WHAT THE EXERCISE ASKS
Starting at the line containing "皮帶輸送機(jī)用于分割時" and ending at the line containing "The 2,890-meter-long Huajiang", print every line of the material below exactly, both ends included, and stop there.

PROVIDED DATA
>>>

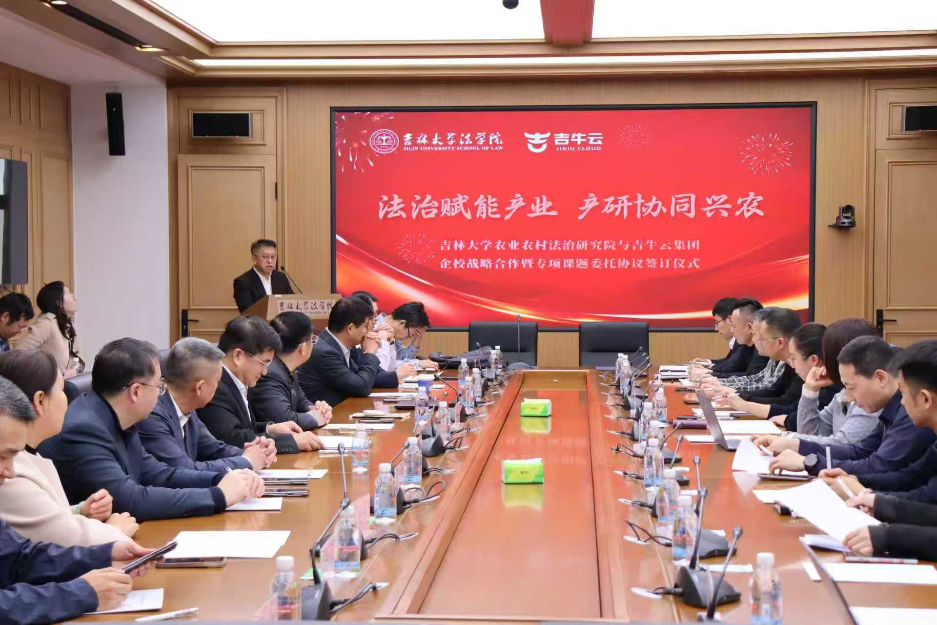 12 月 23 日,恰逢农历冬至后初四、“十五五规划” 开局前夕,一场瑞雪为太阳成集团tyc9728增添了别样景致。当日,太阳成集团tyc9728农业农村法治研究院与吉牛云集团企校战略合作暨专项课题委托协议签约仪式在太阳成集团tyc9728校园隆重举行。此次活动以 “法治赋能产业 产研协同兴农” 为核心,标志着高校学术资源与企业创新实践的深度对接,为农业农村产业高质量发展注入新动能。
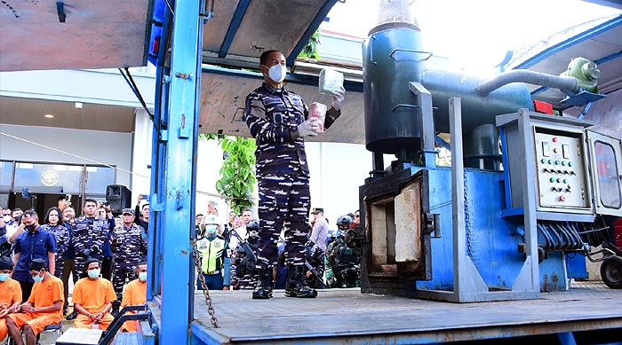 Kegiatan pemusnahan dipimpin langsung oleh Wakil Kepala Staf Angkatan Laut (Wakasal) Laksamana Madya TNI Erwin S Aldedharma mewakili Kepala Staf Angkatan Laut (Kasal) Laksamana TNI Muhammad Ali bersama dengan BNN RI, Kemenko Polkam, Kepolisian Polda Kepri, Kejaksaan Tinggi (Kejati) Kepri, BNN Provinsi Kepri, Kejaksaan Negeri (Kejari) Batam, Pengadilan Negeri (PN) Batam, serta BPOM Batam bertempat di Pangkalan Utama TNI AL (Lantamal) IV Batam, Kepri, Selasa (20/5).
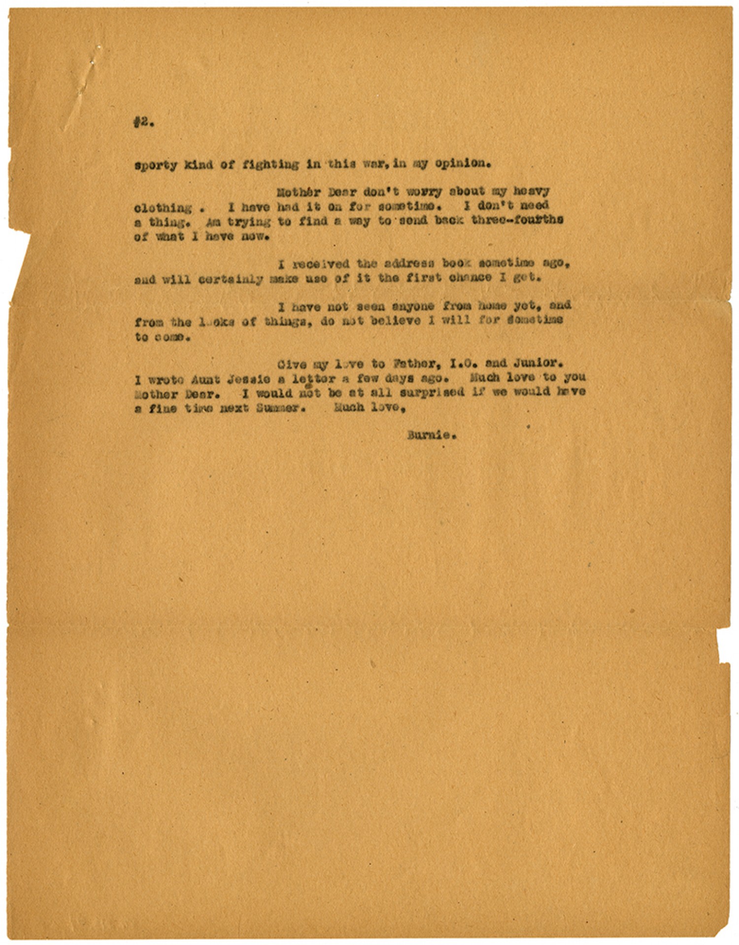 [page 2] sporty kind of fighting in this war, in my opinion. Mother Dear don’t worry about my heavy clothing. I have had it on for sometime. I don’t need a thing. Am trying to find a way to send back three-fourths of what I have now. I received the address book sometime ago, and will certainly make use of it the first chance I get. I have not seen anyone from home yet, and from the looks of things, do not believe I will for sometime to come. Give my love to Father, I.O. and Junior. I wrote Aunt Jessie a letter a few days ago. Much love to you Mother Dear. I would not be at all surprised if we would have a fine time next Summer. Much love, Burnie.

<<<
>>>

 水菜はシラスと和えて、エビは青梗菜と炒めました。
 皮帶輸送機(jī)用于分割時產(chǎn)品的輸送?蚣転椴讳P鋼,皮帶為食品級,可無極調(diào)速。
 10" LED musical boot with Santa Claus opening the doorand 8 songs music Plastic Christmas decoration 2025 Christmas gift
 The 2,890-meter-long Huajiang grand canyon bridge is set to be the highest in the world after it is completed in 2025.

<<<

SOLUTION TO THE EXERCISE
 皮帶輸送機(jī)用于分割時產(chǎn)品的輸送?蚣転椴讳P鋼,皮帶為食品級,可無極調(diào)速。
 10" LED musical boot with Santa Claus opening the doorand 8 songs music Plastic Christmas decoration 2025 Christmas gift
 The 2,890-meter-long Huajiang grand canyon bridge is set to be the highest in the world after it is completed in 2025.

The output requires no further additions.